When you’re too young and too in love, “happily ever after” is the only end you see in sight for your relationship. For Nicole Kidman, it wasn’t any different. But after her first marriage came to a painful end, one that she didn’t imagine, she was pushed into one of the most difficult phases of her life. As challenging as it was, that period was also the time where she really grew up.
From the moment they first locked eyes with each other, Kidman was smitten, feeling the spark right on the set of the Days of Thunder. “I was lucky at 22 that I met somebody who fascinated me, amazed me, who could keep me interested,” she told BBC, as quoted by Us Weekly. “I walked in [to the Days of Thunder audition] and [Tom] was the one that stood up and shook my hand. And I just remember… electricity going through me.”

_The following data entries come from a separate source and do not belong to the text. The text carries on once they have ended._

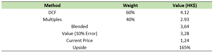 By combining both methodologies using a 60% weighting for the DCF and 40% for the multiples-based valuation, a blended fair value of HK$3.64 per share is obtained. As a standard practice to mitigate potential optimism in the underlying assumptions, a 10% margin of safety is applied to ensure a more conservative outlook. Even after this adjustment, the stock continues to offer an upside potential of approximately 165% relative to current price levels.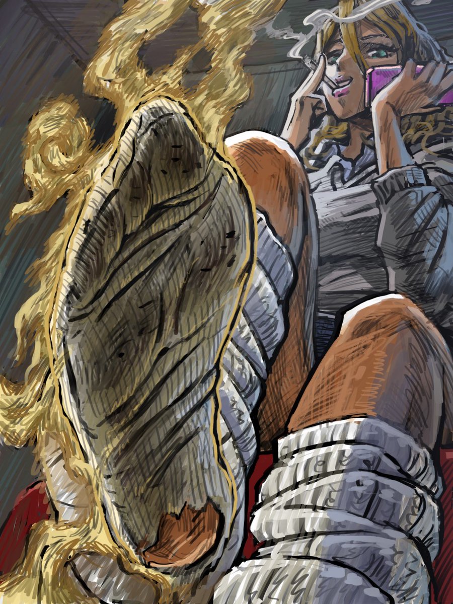 トレーニング後の足が臭すぎるビーデルさんの素足バージョン🧦 このほうが脱いだ靴下の意味がでていいな・・・。 Videl's feet after training is too smelly.(BarefootVer) #footfetish #barefoot #sockfetish #footworship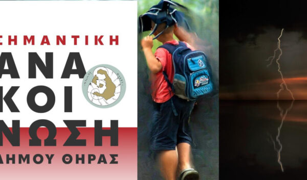 Την αναστολή λειτουργίας των Σχολικών Μονάδων του Δήμου Θήρας λόγω επικίνδυνων καιρικών φαινομένων που αναμένονται την Παρασκευή 5 Δεκεμβρίου αποφάσισε ο Δήμος Θήρας ως μέτρο

Less than a year after they met, 23-year-old Kidman and 28-year-old Cruise exchanged vows in 1990. On the outside, Nicole Kidman and Tom Cruise seemed like the perfect couple who had it all. But eventually, the strain of their marriage started weighing down on them.

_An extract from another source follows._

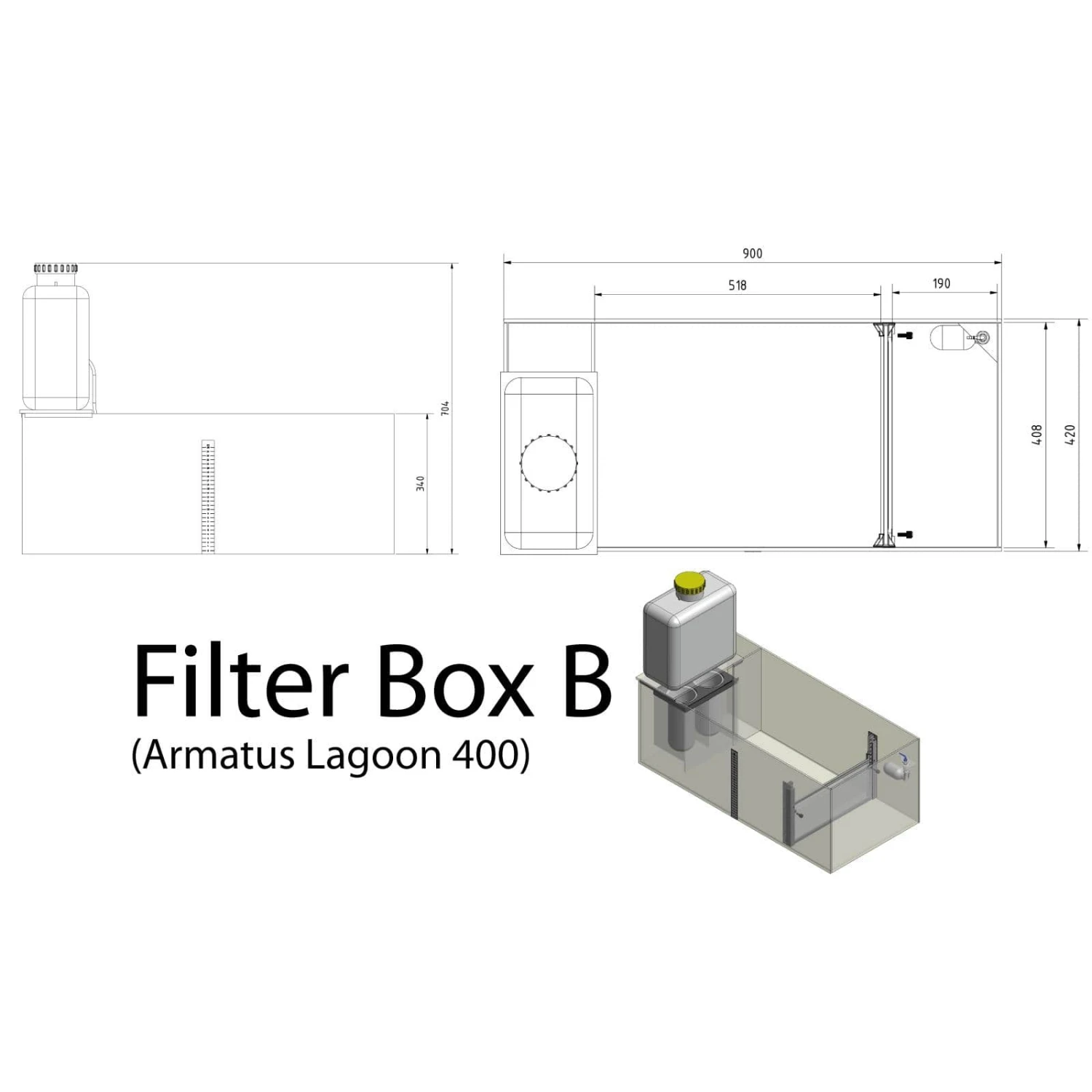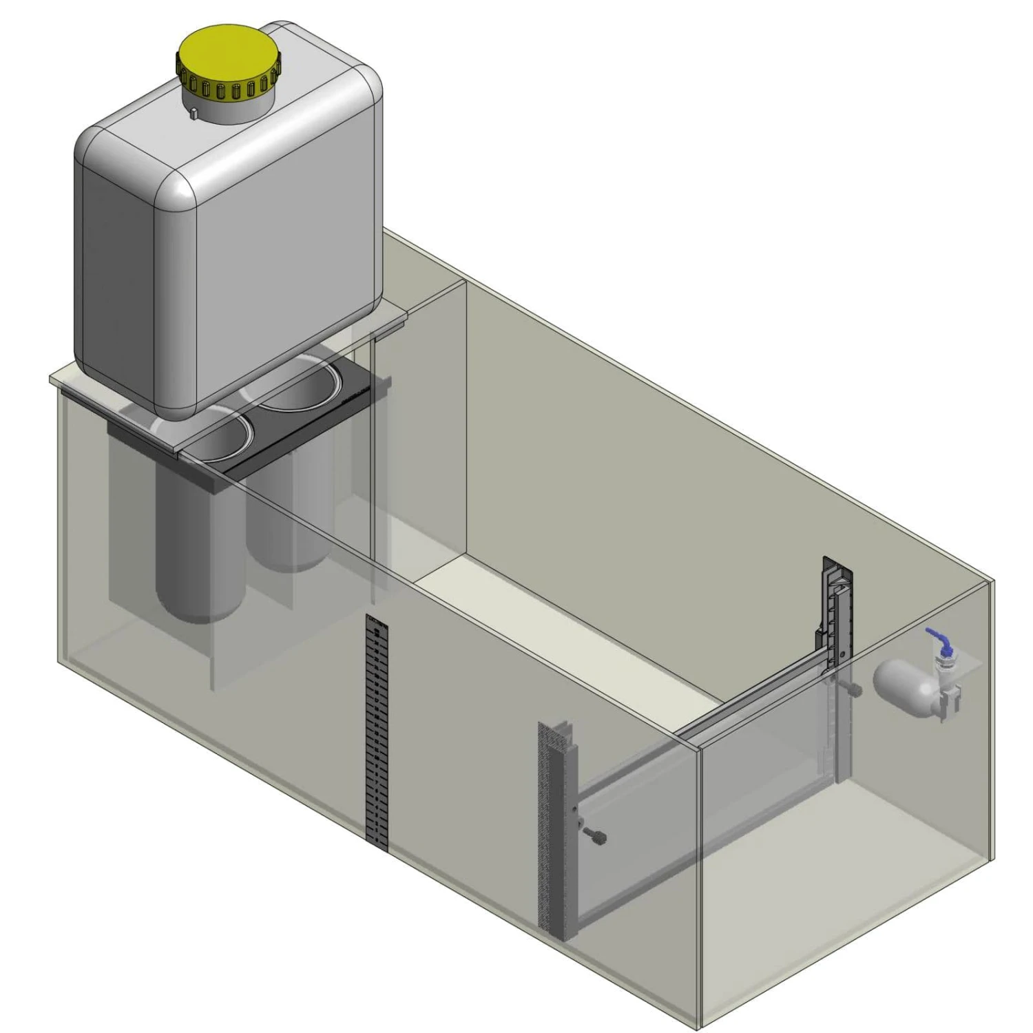 La cuve de décantation placée dans le meuble de cet aquarium AQUA MEDIC Armatus Lagoon 400 est doté d’un réglage du niveau d’eau et d’un système de remplissage automatique de l’eau d’évaporation. La zone d’arrivée d’eau présente des sacs filtrants interchangeables pour une pré-filtration fine qui permet en même temps de maintenir une décantation propre. La réserve d’eau est transportable pour être facilement rechargée. La cuve de décantation intégré est composée d’un compartiment de pré-filtration pour le positionnement libre d’un écumeur, multi-reactor etc. ainsi que de médias filtrants.

“I was so young,” Kidman told Vanity Fair. “…There is something about that sort of existence that, if you really focus on each other and you’re in that bubble, it’s very intoxicating, because it’s just the two of you. And there is only one other person that’s going through it. So it brings you very close, and it’s deeply romantic… there’s nobody else that understands it except that person who’s sleeping right next to you.”
Although she deeply loved him, the insecurities of her younger self caught up with her, making her often feel like an accessory that complimented Cruise’s stellar image.
“In those early years, it was like, ‘I’m here and I’m clutching onto your arm, and it all feels a little overwhelming and really strange…’ I was shy. Deeply shy,” she told Harper’s Bazaar, according to Guff.
“I thought, I don’t deserve to be here. We would go to the Oscars and I would think, I’m here to support him. I felt it was my job to put on a beautiful dress and to be seen and not heard,” she told Marie Claire.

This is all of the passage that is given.